Problem:
Restate the listing below line for line and word for word, without the pictures.

Source data:
◇ ◇ ◇

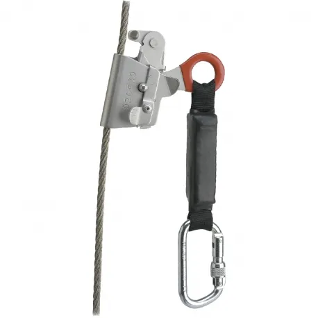 Средство защиты от падения ползункового типа для вертикальной анкерной линии из стального троса 8 мм. Состоит из: 1) съемный захват с автоблокировкой (нержавеющая сталь; 2) амортизатор; 3) стальной карабин AM002.
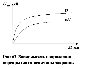 При наличии неоднородного поля у края обкладки необходимо разбивать высоковольтный конденсатор на ряд последовательно включенных секций, с таким расчетом, чтобы напряжение, приходящееся на каждую секцию, находилось на линейном участке зависимости, и принимать, что значение напряжения испытания и напряжения перекрытия будут пропорциональны ширине закраины. При этом величину закраины надо увеличить пропорционально возрастанию испытательного напряжения, на значение которого надо ориентироваться при выборе закраины.
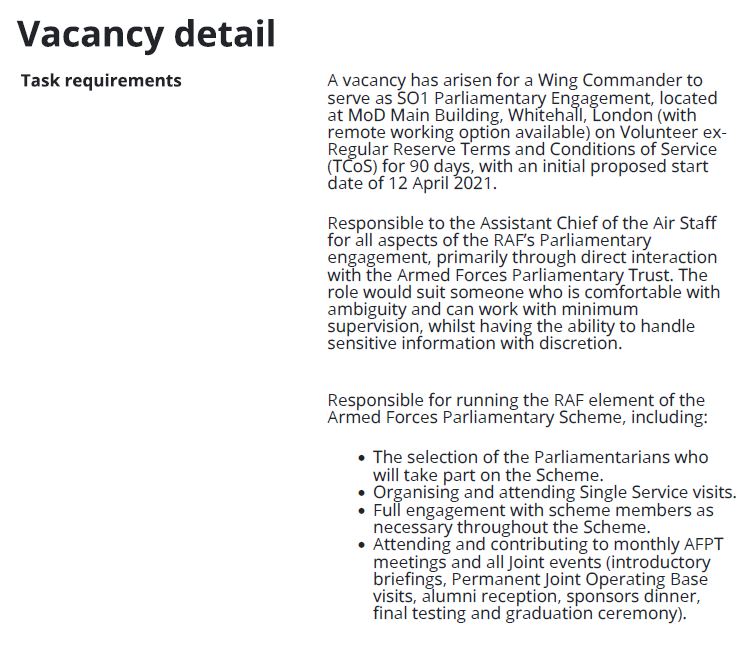 Another interesting insight comes at the end of the generalised advert, under the heading ‘Employer Comments’. It is stressed that the post holder must ‘develop their understanding of the Parliamentary audience’, ‘offer a platform to UKStratCom senior leadership to inform and influence key audiences’ and ‘will have close, regular professional and social interactions with Parliamentarians’ through their AFPS work.

◇ ◇ ◇

Final answer:
 Средство защиты от падения ползункового типа для вертикальной анкерной линии из стального троса 8 мм. Состоит из: 1) съемный захват с автоблокировкой (нержавеющая сталь; 2) амортизатор; 3) стальной карабин AM002.
 При наличии неоднородного поля у края обкладки необходимо разбивать высоковольтный конденсатор на ряд последовательно включенных секций, с таким расчетом, чтобы напряжение, приходящееся на каждую секцию, находилось на линейном участке зависимости, и принимать, что значение напряжения испытания и напряжения перекрытия будут пропорциональны ширине закраины. При этом величину закраины надо увеличить пропорционально возрастанию испытательного напряжения, на значение которого надо ориентироваться при выборе закраины.
 Another interesting insight comes at the end of the generalised advert, under the heading ‘Employer Comments’. It is stressed that the post holder must ‘develop their understanding of the Parliamentary audience’, ‘offer a platform to UKStratCom senior leadership to inform and influence key audiences’ and ‘will have close, regular professional and social interactions with Parliamentarians’ through their AFPS work.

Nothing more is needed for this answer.